→ What the task requires:
Repeat exactly the lines running from the first line of the data to the line containing "大人可愛いパープルでまとめた", both ends included, and nothing else; drop the pictures.
***
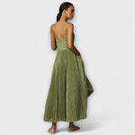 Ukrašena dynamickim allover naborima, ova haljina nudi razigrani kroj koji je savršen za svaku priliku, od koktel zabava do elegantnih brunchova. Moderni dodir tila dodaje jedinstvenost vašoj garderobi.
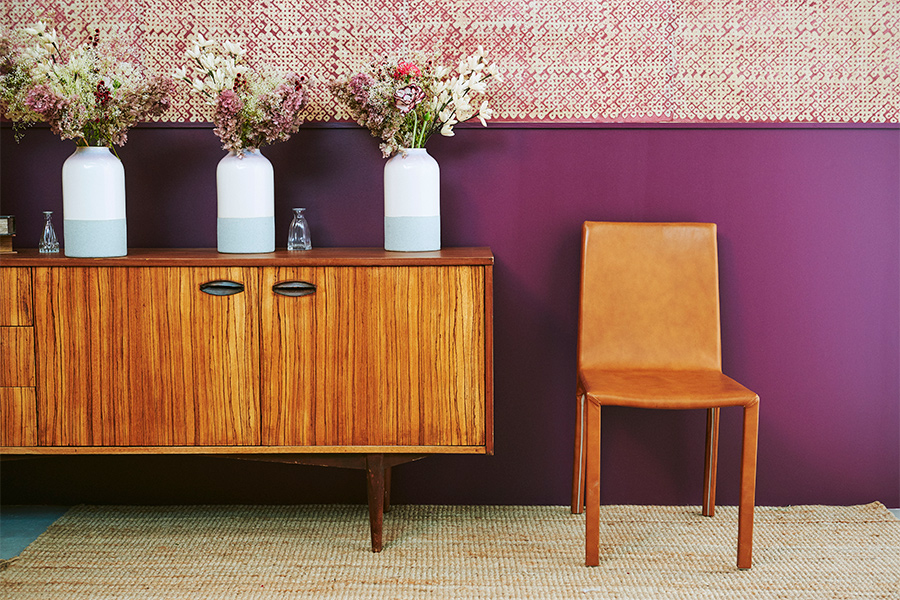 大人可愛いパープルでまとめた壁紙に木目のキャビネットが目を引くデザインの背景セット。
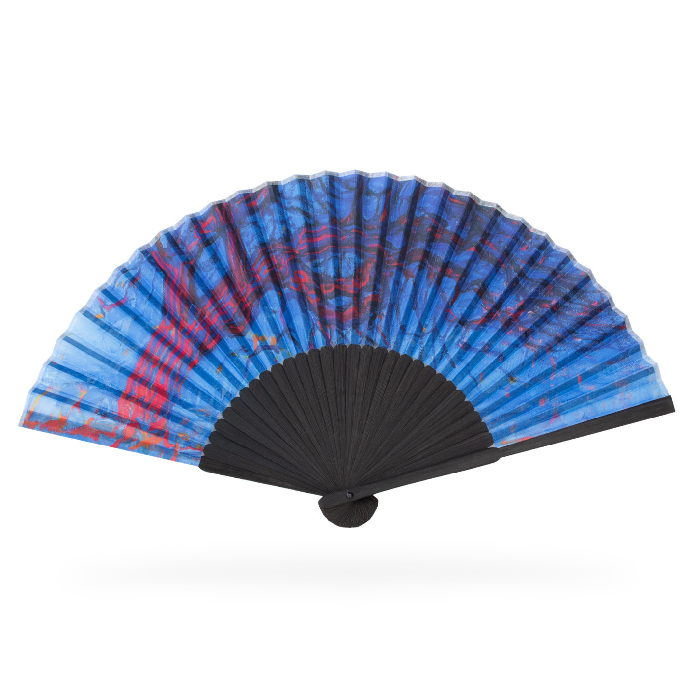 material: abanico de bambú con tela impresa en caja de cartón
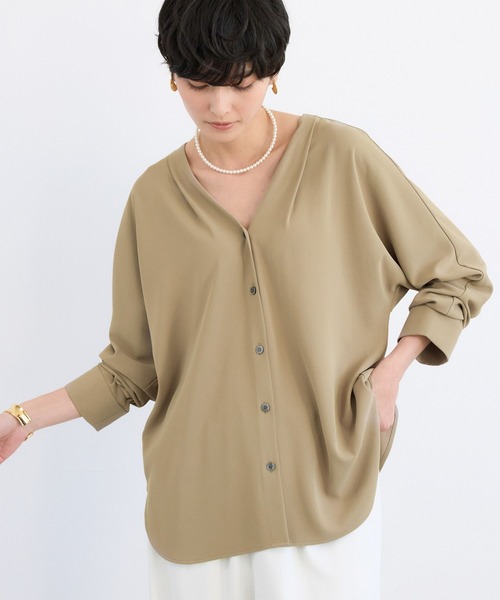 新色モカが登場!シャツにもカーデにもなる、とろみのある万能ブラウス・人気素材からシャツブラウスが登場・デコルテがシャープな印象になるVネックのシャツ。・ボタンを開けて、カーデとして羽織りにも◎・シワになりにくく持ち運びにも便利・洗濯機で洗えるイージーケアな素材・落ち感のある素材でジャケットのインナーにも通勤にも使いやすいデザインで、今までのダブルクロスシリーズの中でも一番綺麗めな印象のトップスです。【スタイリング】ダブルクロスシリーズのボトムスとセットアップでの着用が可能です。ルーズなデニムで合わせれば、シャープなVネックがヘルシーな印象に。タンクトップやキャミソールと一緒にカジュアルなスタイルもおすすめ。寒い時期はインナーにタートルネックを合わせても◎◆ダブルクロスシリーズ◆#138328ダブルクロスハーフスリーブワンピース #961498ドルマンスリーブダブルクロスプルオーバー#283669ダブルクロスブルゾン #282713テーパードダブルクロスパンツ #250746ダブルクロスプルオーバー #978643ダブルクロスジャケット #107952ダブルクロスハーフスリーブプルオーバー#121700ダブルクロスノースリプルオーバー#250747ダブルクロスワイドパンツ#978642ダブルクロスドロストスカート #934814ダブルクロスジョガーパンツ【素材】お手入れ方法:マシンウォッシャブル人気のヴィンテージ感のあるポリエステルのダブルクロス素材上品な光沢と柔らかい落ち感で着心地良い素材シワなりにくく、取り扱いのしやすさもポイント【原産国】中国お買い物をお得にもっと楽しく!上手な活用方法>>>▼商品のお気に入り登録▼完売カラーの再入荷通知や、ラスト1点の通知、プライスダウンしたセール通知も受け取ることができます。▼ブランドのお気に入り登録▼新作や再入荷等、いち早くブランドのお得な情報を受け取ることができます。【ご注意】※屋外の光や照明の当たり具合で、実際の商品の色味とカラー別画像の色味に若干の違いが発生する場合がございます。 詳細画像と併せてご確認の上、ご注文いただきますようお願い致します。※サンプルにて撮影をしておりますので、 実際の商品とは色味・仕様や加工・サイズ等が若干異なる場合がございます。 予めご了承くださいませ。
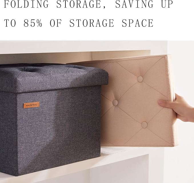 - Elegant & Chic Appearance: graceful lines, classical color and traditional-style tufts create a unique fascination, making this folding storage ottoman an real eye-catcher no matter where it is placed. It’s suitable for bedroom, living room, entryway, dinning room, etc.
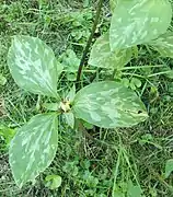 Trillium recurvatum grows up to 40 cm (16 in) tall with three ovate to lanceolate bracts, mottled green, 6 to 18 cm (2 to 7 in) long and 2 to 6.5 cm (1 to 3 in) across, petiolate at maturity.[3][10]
***
→ Response for this exercise:
 Ukrašena dynamickim allover naborima, ova haljina nudi razigrani kroj koji je savršen za svaku priliku, od koktel zabava do elegantnih brunchova. Moderni dodir tila dodaje jedinstvenost vašoj garderobi.
 大人可愛いパープルでまとめた壁紙に木目のキャビネットが目を引くデザインの背景セット。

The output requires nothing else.